:: WHAT YOU NEED TO DO ::
All the lines below need retyping exactly, apart from the images.

:: THE DATA ::
****************************************
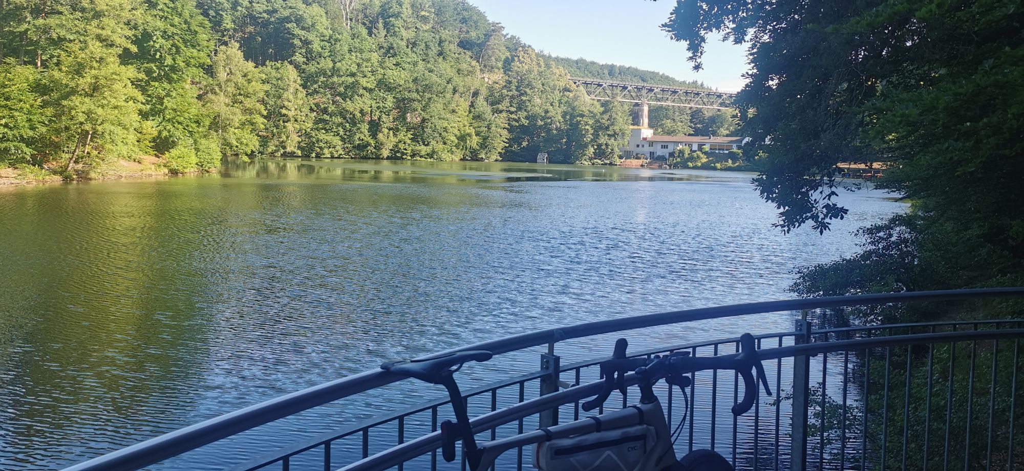 „Der Tag ist noch lang“ sagte ich mir. Also einfach weiter machen und die Gegend genießen. Nach einem Stück entlang der L395 ging es wieder in die Natur. Es wurde in allen Bereichen abwechslungreicher und schöner. Eintauchen in die Natur, Landschaft genießen, die Stille im Wald, alles Dinge die ich so Liebe und weshalb ich mittlerweile so oft auf Claudio sitze. Später folgte ich einer alten Bahnlinie durch den Wald und erreichte nach 26 km den Eiswoog. Da hätte ich glatt schon hinein springen können, so einladend wirkte er auf mich. Aber ich wollte weiter. Die Kühle des Morgens weiter nutzen 😉 Auf den nächsten Km tauchte ich komplett im Wald ab. Genau so hatte ich mir das vorgestellt. Ich cruiste durch die Gegend und wurde nach 42 Km im Örtchen Frankenstein vom Wald ausgespuckt. Zivilisation, wo ich im Vorfeld eine Verpflegungspause geplant hatte. Aber so euphorisch und glücklich wie ich zu diesem Zeitpunkt war, fuhr ich weiter.
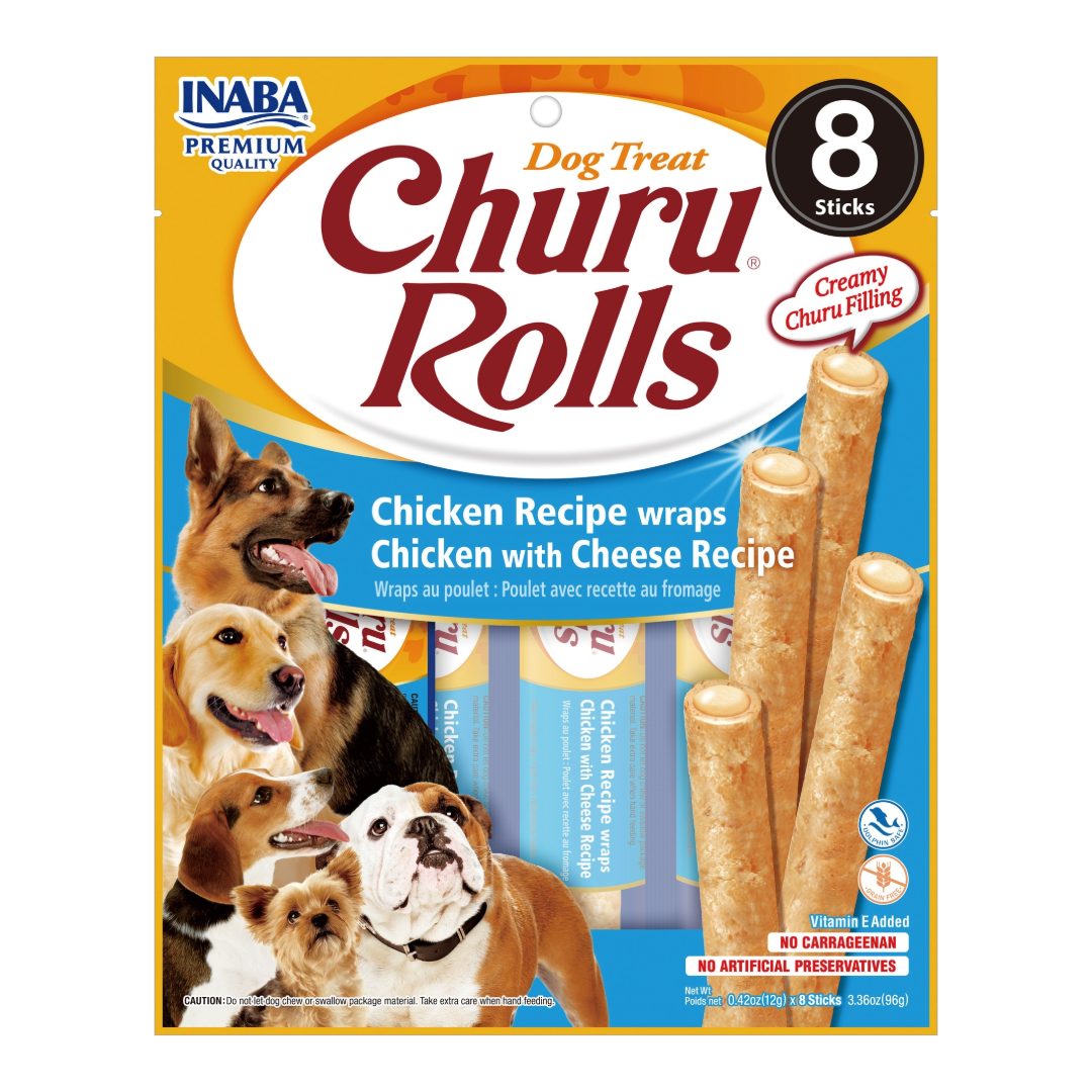 Churu Rolls de Inaba combina lo mejor del pollo de granja con un toque cremoso de queso, envueltos en una suave barrita horneada que hará que tu perro se vuelva loco de felicidad.
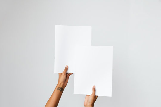 Hand holding a stack of blank white a4 size papers, ideal for showcasing flyers, documents, or presentation designs on a clean grey background
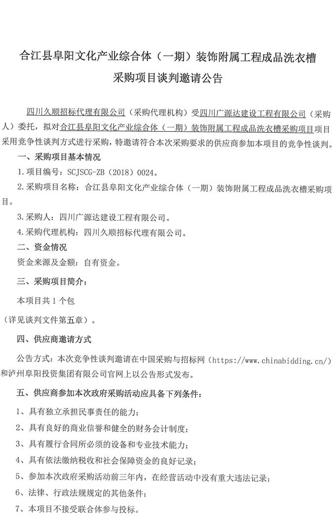 合江縣阜陽文化產業(yè)綜合體(一期)裝飾附屬工程成品洗衣槽 采購項目談判邀請公告.doc
****************************************
:: REPLY ::
 „Der Tag ist noch lang“ sagte ich mir. Also einfach weiter machen und die Gegend genießen. Nach einem Stück entlang der L395 ging es wieder in die Natur. Es wurde in allen Bereichen abwechslungreicher und schöner. Eintauchen in die Natur, Landschaft genießen, die Stille im Wald, alles Dinge die ich so Liebe und weshalb ich mittlerweile so oft auf Claudio sitze. Später folgte ich einer alten Bahnlinie durch den Wald und erreichte nach 26 km den Eiswoog. Da hätte ich glatt schon hinein springen können, so einladend wirkte er auf mich. Aber ich wollte weiter. Die Kühle des Morgens weiter nutzen 😉 Auf den nächsten Km tauchte ich komplett im Wald ab. Genau so hatte ich mir das vorgestellt. Ich cruiste durch die Gegend und wurde nach 42 Km im Örtchen Frankenstein vom Wald ausgespuckt. Zivilisation, wo ich im Vorfeld eine Verpflegungspause geplant hatte. Aber so euphorisch und glücklich wie ich zu diesem Zeitpunkt war, fuhr ich weiter.
 Churu Rolls de Inaba combina lo mejor del pollo de granja con un toque cremoso de queso, envueltos en una suave barrita horneada que hará que tu perro se vuelva loco de felicidad.
 Hand holding a stack of blank white a4 size papers, ideal for showcasing flyers, documents, or presentation designs on a clean grey background
 合江縣阜陽文化產業(yè)綜合體(一期)裝飾附屬工程成品洗衣槽 采購項目談判邀請公告.doc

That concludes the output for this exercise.